Until then, there’s great value in doing whatever can be done to reduce CO2 emissions, and driving hybrids — to say nothing of walking, biking, and taking public transit — can be crucial to that too.
Are hybrid cars essentially a stopgap to full EV adoption? At this point, it feels like the definitive answer is yes. Car companies like General Motors, Ford, Volvo, and Volkswagen all say they plan to phase out internal combustion entirely by the middle of the next decade, and even if they try to renege on their promises, governments from Brussels to California are banning the sale of new gasoline cars around the same time.
Between regulations and market forces — especially China’s aggressive EV push — the writing is on the wall for gasoline cars. Reducing emissions will be the single most crucial guiding force for the auto industry over the next few decades. In the meantime, and for that very reason, more and more hybrid options are coming to market.
Sure, the Prius’ sales figures don’t look great, but the venerable Toyota Tacoma truck is heavily expected to offer a hybrid option soon. The Toyota Sienna minivan is now only offered as a hybrid, as is the quirky new Toyota Crown sedan. Honda brought back the Accord Hybrid for 2023 and the all-new CR-V Hybrid looks promising as well. Mazda is finally dipping its toes into that market with the new CX-90 plug-in hybrid.
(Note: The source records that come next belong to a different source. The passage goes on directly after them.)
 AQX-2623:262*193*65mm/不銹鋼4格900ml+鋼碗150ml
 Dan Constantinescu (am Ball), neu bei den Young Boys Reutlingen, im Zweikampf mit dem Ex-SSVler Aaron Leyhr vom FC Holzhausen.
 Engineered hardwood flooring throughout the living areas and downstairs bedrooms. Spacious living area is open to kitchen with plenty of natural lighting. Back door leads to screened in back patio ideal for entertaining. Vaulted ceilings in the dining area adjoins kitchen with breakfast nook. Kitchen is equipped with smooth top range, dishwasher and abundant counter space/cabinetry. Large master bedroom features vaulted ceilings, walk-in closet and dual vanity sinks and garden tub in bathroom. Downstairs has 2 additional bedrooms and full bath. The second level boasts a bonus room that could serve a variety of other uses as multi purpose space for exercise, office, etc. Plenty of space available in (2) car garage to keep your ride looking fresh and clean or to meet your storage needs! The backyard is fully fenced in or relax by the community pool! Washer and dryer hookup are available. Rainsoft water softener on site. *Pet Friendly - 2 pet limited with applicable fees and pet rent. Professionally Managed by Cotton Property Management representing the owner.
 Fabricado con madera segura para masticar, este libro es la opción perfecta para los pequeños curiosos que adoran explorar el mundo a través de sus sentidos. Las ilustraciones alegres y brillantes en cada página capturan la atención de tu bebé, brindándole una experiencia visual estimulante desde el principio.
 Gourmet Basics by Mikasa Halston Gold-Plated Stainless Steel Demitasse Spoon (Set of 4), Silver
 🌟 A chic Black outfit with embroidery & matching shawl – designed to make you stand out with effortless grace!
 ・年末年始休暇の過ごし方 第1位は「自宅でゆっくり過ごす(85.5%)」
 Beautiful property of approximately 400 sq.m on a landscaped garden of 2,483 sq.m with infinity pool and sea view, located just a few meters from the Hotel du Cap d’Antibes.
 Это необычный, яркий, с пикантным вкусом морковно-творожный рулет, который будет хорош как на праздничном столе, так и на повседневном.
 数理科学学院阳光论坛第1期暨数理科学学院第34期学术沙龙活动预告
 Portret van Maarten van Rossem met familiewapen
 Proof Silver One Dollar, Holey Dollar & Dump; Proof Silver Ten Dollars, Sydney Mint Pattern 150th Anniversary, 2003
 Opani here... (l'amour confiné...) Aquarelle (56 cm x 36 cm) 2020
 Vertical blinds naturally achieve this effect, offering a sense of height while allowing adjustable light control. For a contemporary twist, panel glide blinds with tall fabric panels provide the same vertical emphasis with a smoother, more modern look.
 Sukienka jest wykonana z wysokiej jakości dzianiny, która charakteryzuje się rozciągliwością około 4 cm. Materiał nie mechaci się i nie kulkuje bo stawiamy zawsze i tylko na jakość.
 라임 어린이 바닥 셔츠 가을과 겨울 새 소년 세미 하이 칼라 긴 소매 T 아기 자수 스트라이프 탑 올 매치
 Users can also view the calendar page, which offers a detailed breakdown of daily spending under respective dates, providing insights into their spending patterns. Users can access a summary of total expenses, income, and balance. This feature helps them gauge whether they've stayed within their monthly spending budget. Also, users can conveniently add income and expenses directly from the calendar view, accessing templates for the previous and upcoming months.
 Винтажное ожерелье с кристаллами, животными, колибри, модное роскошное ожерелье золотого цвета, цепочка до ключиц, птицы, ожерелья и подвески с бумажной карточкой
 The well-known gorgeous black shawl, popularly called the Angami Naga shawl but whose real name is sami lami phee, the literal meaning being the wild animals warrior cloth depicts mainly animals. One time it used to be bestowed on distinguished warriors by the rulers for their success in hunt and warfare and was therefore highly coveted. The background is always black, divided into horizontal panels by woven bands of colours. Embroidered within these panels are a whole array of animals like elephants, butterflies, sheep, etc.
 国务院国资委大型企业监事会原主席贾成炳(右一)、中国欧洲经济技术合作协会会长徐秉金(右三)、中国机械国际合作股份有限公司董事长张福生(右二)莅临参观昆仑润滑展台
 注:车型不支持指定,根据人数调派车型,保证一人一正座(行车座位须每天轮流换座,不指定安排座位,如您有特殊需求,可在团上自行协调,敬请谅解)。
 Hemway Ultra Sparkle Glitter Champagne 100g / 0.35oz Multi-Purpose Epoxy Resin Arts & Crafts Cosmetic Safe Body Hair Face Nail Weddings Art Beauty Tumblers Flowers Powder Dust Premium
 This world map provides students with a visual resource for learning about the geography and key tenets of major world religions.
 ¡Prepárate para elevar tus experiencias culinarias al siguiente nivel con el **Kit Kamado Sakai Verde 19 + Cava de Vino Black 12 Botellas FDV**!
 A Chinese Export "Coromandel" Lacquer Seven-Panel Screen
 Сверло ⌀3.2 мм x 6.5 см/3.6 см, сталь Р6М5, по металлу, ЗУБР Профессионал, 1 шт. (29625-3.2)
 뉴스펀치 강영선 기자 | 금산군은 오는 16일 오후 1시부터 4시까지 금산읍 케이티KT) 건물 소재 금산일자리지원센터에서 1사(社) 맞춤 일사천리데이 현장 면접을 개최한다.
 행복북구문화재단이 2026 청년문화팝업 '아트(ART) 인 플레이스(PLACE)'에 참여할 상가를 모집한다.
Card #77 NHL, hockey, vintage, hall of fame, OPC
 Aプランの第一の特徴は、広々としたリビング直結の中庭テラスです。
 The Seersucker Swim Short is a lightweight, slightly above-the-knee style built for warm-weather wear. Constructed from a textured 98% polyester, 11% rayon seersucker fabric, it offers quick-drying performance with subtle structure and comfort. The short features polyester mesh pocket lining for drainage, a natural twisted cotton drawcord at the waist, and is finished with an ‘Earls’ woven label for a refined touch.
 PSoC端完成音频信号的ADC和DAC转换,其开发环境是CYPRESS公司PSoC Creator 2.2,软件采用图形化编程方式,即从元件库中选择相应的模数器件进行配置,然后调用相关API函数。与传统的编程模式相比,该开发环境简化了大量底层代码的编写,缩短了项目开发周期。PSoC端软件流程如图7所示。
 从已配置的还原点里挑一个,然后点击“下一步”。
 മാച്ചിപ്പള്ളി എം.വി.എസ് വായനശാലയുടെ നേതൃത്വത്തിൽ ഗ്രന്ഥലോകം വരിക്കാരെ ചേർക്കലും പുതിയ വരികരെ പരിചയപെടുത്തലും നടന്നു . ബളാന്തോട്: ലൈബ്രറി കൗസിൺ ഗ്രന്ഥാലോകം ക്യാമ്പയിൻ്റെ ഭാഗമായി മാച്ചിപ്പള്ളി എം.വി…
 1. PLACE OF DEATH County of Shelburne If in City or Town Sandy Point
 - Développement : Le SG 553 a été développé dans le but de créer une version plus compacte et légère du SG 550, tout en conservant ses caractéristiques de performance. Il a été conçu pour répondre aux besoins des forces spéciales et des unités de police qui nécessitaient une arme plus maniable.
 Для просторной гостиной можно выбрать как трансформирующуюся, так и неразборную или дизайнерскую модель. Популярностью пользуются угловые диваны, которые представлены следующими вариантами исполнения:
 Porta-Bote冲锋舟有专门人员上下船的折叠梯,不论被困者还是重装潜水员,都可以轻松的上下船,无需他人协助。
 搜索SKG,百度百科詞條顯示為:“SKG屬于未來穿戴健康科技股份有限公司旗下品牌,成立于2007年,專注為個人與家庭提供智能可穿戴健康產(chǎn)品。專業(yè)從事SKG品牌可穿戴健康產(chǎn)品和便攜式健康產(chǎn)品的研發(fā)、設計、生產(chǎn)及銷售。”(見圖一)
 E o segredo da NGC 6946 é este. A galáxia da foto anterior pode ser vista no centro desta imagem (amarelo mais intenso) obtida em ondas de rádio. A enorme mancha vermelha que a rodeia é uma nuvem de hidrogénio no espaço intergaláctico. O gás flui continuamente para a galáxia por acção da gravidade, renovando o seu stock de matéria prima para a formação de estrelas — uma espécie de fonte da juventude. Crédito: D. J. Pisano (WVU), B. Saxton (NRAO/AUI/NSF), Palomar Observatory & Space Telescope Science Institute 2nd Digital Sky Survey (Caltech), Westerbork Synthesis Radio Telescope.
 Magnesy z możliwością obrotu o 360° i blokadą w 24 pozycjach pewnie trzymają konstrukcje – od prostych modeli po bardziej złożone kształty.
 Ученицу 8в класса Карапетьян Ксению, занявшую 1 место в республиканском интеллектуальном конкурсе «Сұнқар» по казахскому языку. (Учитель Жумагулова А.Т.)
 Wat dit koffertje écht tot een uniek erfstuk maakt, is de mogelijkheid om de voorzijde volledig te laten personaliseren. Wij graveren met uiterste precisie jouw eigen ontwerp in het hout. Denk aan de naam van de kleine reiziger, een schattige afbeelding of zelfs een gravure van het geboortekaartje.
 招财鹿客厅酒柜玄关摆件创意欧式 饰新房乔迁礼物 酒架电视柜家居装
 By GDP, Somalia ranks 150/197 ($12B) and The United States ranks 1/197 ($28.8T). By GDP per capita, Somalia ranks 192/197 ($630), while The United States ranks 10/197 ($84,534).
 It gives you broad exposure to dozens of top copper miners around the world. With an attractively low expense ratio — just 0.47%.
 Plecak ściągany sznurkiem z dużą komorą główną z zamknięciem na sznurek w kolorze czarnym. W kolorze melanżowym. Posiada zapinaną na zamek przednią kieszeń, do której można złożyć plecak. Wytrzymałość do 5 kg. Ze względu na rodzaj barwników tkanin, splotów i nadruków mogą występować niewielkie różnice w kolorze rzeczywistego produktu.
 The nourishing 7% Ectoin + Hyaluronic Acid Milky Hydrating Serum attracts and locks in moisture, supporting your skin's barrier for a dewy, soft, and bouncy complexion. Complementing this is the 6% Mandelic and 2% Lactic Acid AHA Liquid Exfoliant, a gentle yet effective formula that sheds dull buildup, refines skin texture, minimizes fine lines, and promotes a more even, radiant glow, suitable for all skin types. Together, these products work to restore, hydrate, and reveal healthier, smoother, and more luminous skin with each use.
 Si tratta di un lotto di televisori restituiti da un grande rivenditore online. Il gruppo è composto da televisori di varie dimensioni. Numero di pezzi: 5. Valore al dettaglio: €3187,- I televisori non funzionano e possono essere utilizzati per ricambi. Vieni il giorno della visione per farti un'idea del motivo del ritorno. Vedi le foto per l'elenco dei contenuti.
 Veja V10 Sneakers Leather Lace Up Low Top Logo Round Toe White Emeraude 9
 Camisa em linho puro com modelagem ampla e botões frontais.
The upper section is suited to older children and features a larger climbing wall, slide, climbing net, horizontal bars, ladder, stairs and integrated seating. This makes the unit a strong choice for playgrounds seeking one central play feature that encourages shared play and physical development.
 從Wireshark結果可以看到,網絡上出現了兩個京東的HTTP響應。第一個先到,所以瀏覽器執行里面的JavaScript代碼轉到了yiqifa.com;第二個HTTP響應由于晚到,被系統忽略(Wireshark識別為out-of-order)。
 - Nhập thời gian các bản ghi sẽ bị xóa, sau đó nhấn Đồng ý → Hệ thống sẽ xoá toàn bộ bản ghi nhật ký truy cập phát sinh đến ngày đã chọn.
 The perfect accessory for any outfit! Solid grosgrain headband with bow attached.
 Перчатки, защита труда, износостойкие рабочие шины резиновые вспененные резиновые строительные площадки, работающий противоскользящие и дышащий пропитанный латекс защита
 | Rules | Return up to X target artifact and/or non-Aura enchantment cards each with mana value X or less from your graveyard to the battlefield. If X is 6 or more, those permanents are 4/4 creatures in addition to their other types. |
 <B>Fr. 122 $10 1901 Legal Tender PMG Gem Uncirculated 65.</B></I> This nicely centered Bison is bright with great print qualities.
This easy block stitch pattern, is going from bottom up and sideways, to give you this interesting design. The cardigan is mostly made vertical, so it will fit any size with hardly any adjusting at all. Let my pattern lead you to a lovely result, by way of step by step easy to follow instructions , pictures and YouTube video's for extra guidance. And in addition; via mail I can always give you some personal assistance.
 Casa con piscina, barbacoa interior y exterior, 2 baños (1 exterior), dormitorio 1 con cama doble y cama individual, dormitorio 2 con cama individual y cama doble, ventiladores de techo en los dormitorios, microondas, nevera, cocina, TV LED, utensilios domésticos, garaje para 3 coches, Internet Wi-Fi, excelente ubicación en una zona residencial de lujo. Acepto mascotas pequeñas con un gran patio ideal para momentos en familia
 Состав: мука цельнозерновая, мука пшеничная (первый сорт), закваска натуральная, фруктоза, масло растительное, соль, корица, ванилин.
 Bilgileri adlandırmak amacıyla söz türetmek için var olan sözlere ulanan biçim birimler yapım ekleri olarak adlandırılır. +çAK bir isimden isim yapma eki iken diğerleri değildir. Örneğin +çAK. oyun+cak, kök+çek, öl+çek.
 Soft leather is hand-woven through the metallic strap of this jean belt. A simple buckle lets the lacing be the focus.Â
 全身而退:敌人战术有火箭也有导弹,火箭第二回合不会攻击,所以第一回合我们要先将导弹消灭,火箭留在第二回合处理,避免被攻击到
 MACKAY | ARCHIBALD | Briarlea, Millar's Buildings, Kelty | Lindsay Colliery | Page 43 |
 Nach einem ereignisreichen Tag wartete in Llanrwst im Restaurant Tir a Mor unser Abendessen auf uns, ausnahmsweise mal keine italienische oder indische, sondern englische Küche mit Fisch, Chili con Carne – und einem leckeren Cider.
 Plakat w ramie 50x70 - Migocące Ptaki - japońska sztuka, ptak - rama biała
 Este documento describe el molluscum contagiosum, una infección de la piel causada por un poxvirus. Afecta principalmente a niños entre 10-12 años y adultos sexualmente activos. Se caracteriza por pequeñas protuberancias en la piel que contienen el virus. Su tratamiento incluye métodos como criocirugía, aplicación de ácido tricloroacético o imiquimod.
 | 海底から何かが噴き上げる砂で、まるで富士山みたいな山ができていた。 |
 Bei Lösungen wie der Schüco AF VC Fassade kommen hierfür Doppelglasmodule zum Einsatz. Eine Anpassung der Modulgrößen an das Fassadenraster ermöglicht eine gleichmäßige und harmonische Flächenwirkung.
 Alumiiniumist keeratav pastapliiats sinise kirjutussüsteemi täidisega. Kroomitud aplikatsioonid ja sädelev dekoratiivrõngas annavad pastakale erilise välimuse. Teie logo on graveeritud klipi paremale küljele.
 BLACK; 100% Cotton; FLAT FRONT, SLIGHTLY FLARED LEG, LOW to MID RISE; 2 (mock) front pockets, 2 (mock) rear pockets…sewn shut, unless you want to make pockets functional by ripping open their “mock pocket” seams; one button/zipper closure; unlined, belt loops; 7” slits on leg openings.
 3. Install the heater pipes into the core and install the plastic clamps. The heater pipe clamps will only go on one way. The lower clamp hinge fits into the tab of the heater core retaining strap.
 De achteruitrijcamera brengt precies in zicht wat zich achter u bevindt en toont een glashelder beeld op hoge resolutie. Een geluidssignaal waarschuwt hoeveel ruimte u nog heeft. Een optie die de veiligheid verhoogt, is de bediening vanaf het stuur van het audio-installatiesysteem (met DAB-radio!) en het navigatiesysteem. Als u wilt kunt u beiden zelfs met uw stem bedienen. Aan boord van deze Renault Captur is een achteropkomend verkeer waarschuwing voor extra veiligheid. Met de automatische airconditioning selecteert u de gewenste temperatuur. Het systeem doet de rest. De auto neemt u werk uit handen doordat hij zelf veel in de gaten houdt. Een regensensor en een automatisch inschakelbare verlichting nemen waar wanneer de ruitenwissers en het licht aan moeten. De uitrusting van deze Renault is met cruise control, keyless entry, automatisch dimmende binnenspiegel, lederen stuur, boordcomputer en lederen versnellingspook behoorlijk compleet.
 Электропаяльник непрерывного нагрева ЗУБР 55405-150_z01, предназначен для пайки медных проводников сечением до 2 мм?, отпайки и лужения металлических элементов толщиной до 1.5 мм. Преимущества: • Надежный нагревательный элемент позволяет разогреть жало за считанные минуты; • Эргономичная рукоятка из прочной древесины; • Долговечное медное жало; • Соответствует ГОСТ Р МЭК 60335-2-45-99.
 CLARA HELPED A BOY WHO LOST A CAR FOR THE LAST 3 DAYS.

Even the beloved Mazda Miata, the gold standard for affordable sports cars, is heavily rumored to have some kind of electrification when an all-new one arrives in the next few years. And as of this year, every new Volvo you can buy is a hybrid if it’s not a full EV.
The point is, while EVs are getting the splashy headlines, car companies aren’t yet done with hybrids. Not by a long shot. In fact, electrification is likely to become even more common as we start to approach the end of the internal combustion era, particularly as battery costs start to go down.
Think of it this way: If the Chevy Corvette can go hybrid, so can you.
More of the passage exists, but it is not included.